Model Overview
Meta-Llama-3-8B-Instruct is an 8 billion parameter instruction-tuned large language model developed by Meta, released on April 18, 2024. It is part of the Llama 3 family, which includes both 8B and 70B parameter models, optimized for dialogue use cases. The model employs an optimized transformer architecture and utilizes Grouped-Query Attention (GQA) for enhanced inference scalability. Training involved supervised fine-tuning (SFT) and reinforcement learning with human feedback (RLHF) to align with human preferences for helpfulness and safety.
Key Capabilities & Performance
- Instruction-tuned for Dialogue: Specifically optimized for assistant-like chat applications.
- Strong Benchmarks: Outperforms many open-source chat models on common industry benchmarks, including significant improvements over Llama 2 models across various categories like MMLU (68.4 vs 34.1 for Llama 2 7B), HumanEval (62.2 vs 7.9), and GSM-8K (79.6 vs 25.7).
- Extensive Training Data: Pretrained on over 15 trillion tokens of publicly available online data, with fine-tuning data including over 10 million human-annotated examples.
- Safety & Refusal Improvements: Features extensive red teaming, adversarial evaluations, and safety mitigations, with a focus on significantly reducing false refusals compared to Llama 2.
Intended Use Cases
- Assistant-like Chat: Ideal for conversational AI and dialogue systems in English.

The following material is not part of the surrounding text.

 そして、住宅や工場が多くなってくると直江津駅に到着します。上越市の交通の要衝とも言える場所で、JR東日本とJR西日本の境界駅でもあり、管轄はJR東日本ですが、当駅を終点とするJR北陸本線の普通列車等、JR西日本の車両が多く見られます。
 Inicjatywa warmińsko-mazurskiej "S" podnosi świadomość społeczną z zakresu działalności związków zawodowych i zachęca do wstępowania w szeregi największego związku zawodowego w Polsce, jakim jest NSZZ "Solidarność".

- Research and Commercial Applications: Suitable for a wide range of natural language generation tasks, with developers encouraged to fine-tune for specific needs.

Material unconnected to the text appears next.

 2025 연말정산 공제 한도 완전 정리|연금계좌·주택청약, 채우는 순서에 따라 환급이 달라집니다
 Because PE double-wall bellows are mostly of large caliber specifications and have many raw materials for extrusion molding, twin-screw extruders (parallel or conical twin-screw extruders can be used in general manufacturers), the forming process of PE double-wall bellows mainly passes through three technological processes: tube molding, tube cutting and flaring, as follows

Limitations & Responsible Use
- English-centric: Primarily intended for use in English, though fine-tuning for other languages is permissible under license.
- Static Model: Trained on an offline dataset; future versions will incorporate community feedback for safety improvements.
- Safety Considerations: Developers must implement additional safety best practices and tools (like Meta Llama Guard 2 and Code Shield) to tailor safety levels for specific applications, as residual risks may remain.